Singapore Mustn’t Spare the Rod

By Andy Mukherjee
Bloomberg
Oct 12, 2016

A slap on the wrist of a licensed, regulated intermediary must satisfy three conditions. One, the errant party must feel remorse before relief. Two, all other players ought to be put on notice. Three, society should feel avenged on behalf of its often faceless victims.

The punishment meted out by Singapore to banks as part of its ongoing investigation into the 1MDB scandal looks to have achieved little success in meeting the first aim. It has done better in hitting the second goal, but largely missed the third.

Start with the first objective. A S$1 million ($725,000) fine on homegrown DBS and a S$1.3 million penalty on UBS elicited just the kind of contrition one can expect from organizations brimming with talented public relations professionals. UBS said it was “disappointed” it didn’t do more to detect and report suspicious transactions earlier; DBS said it should have taken more “rigorous action.” Both have promised to go after miscreant bankers, and forgo profit from their lapses. UBS would support industry-wide anti-money-laundering initiatives, while DBS would donate to a worthy cause.

These are all fine words, but peering through them is a palpable sense of relief. While nobody quite expected pragmatic Singapore to score an own goal by aggressively punishing shareholders of lending institutions for egregious behavior by their executives, the fines appear way too small in a city where being in possession of chips outside of a casino attracts a S$150,000 penalty.

Crime and Punishment

The fine of S$1 Million on DBS is equivalent to six people being caught in Singapore with chips outside casinos or 500 litterbugs being given the maximum penalty for first-time offenses

Falcon offers a case study. The Zurich-based institution joined BSI as the second Swiss private bank to get booted out of Singapore in connection with 1MDB, the Malaysian state investment firm alleged to have been looted of billions of dollars that were then laundered in multiple countries. Falcon was fined S$300,000 by the Monetary Authority of Singapore following a 2013 inspection that uncovered breaches of the central bank’s anti-money-laundering requirements. When the regulator probed the bank again in 2015, it found “an even larger number of regulatory breaches as well as serious failings” on the part of Swiss-based senior management and the Singapore branch manager, the MAS said on Tuesday.

If a S$300,000 fine leads to more bad behavior, then skeptics could argue that a few million dollars also fails to set an example, which is the second goal of any punishment. But in this case, they’d be wrong. The real stick in the central bank’s statement on Tuesday lies not in the quantum of the fine, but in its revelation that Falcon’s Singapore branch manager was arrested last week by the Commercial Affairs Department. Add that to charges filed on Monday against two former employees of BSI, and it’s safe to assume that MAS Notice 626 and 1014 on money laundering are now being read by more people in banks than just compliance officers.

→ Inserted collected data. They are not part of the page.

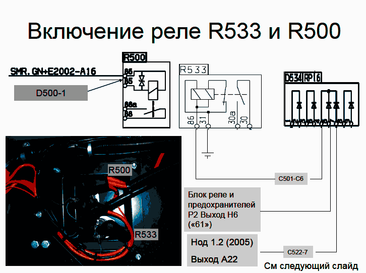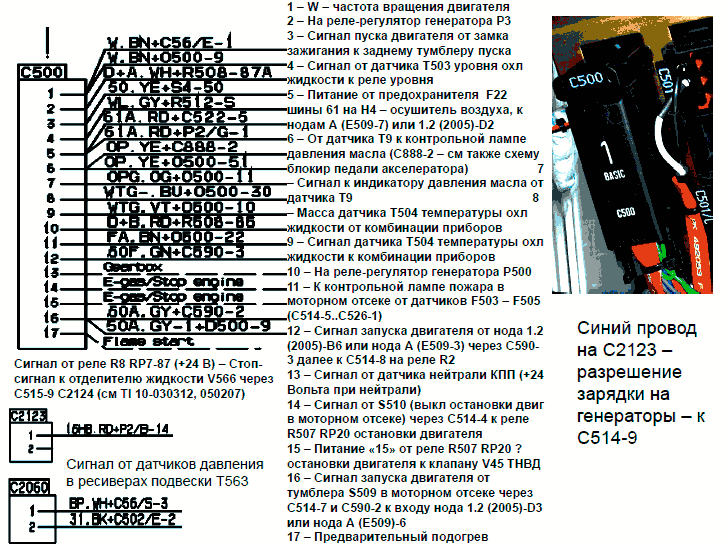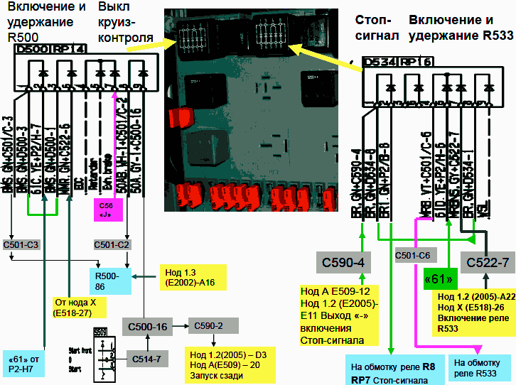 3 - Сигнал запуска двигателя от выхода нода 1.2(2005)-В6 или нода А(509)-3 на реле R2 стартера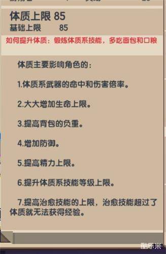 体质大幅度的提高生命上限,还有我们的护甲专精上限,对于战士来说这个十分重要,你没有肉度你甚至无法接近法师系的怪物,要玩战士首先要会抗打。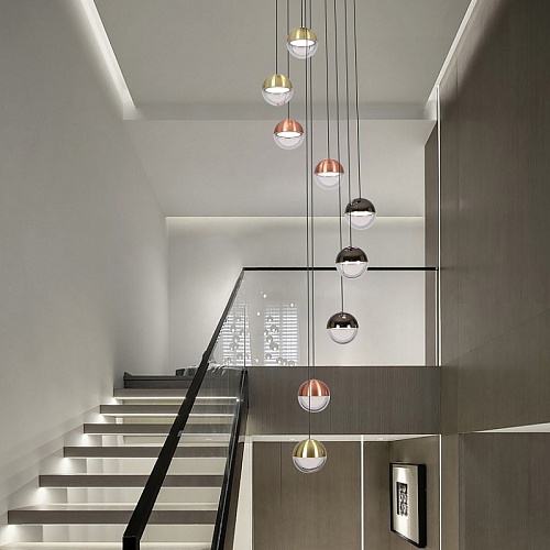 Каскадная люстра с черным каркасом, с шарообразными плафонами трех цветов (черный глянцевый, золото, розовое золото), разделенными на две части — металлическую и акриловую, в центре плафона расположен LED-модуль, создающий оригинальный световой эффект, регулируемая высота.
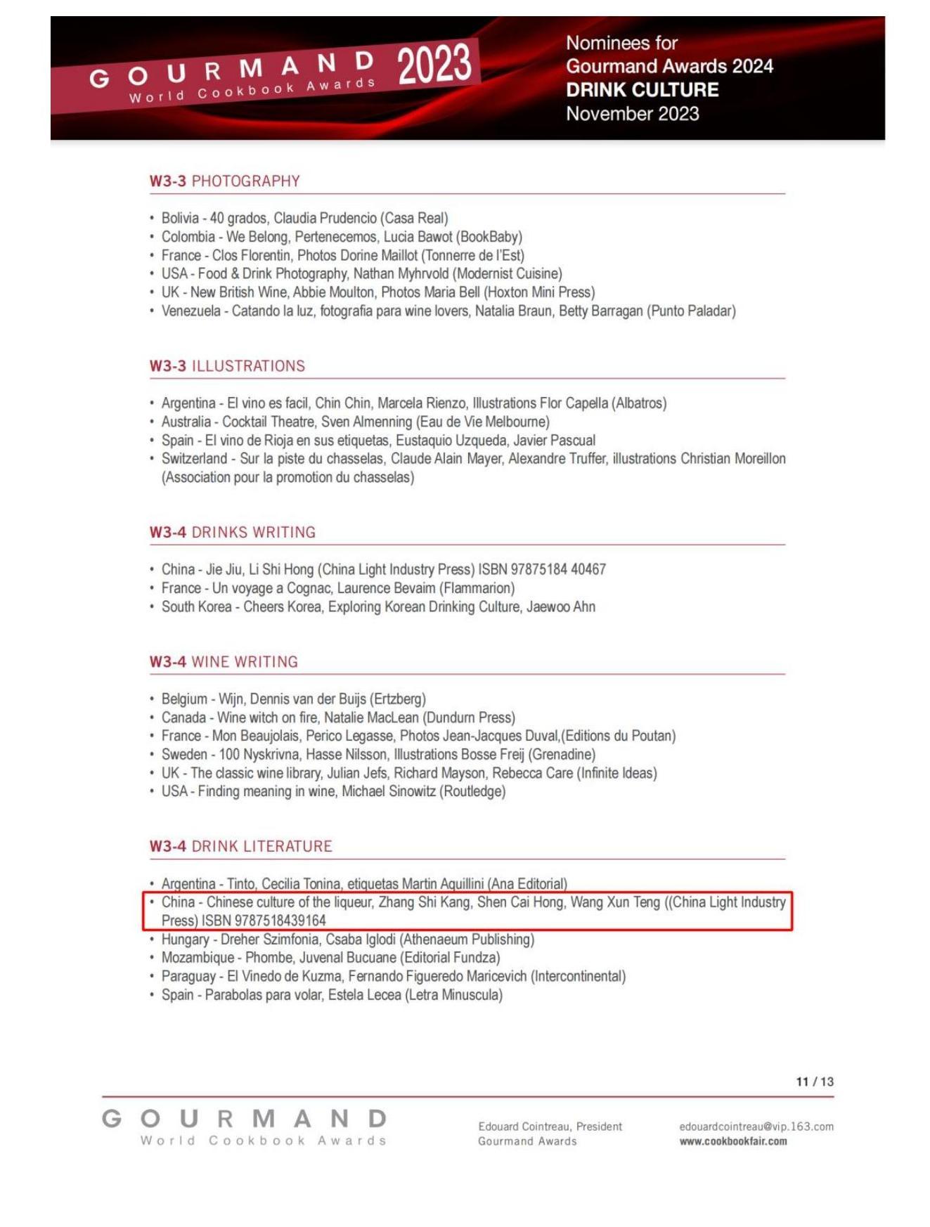 据悉,世界美食美酒图书大奖由法国君度世家继承人爱德华·君度(Edouard Cointreau)于1995年创立,是全球最权威的美食美酒图书奖项,被誉为国际美食美酒“奥斯卡奖”。每年,该奖项会对全球205个国家出版的十几万种饮食类图书进行市场采集、整理和比较,评选出最佳美食和美酒图书奖项。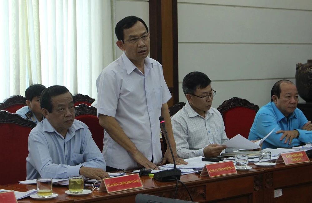 Đại tá Đinh Thanh Nhàn, Phó Giám đốc Công an TP.HCM, tại hội nghị. Ảnh: LÊ THOA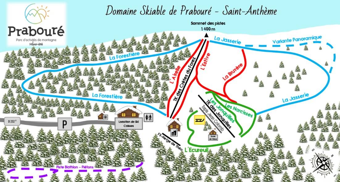 Plan des pistes Prabouré – Saint-Anthème Saison 2024/2025

Bankers are on notice. But where the MAS stick may have come up short is in sending a message to society that courtiers to the rich and the powerful won’t get off lightly. After all, there’s no reason why the integrity of the city’s financial system should matter any less than the reliability of its subway network. Considering that Singapore’s transport regulator slapped a S$5.4 million penalty on train operator SMRT for one day of service disruption last year, maybe it’s time for the MAS to ask for powers to inflict bigger pecuniary damages on those who don’t play by its rules.

At the very least, the fine should lead to some uncomfortable investor questions for CEOs at annual general meetings. Writing a check for less than what it costs to buy a decent apartment in Singapore isn’t much of a punishment.